In the entries below, which lines run from the one with "2.2. Synthesis of" through the one with "从存量房来看,2023年04"? Repeat exactly those, both included, and no pictures.
[The data Boundary: Start]
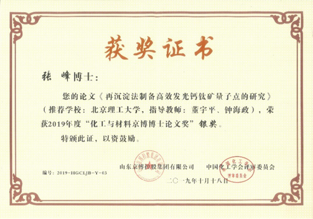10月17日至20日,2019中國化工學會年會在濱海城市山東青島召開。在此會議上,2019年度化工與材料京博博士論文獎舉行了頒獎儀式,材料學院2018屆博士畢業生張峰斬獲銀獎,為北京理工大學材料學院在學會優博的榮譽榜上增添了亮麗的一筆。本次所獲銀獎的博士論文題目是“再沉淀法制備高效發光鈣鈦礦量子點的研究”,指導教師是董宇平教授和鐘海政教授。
[The data Boundary: End]
[The data Boundary: Start]
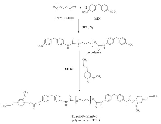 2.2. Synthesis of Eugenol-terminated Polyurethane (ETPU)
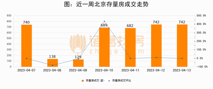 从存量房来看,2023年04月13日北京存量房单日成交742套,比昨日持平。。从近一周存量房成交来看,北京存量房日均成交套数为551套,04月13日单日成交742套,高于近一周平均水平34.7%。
[The data Boundary: End]
[The data Boundary: Start]
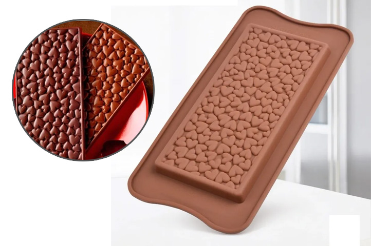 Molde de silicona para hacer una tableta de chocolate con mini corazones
[The data Boundary: End]
_Result of this task_
 2.2. Synthesis of Eugenol-terminated Polyurethane (ETPU)
 从存量房来看,2023年04月13日北京存量房单日成交742套,比昨日持平。。从近一周存量房成交来看,北京存量房日均成交套数为551套,04月13日单日成交742套,高于近一周平均水平34.7%。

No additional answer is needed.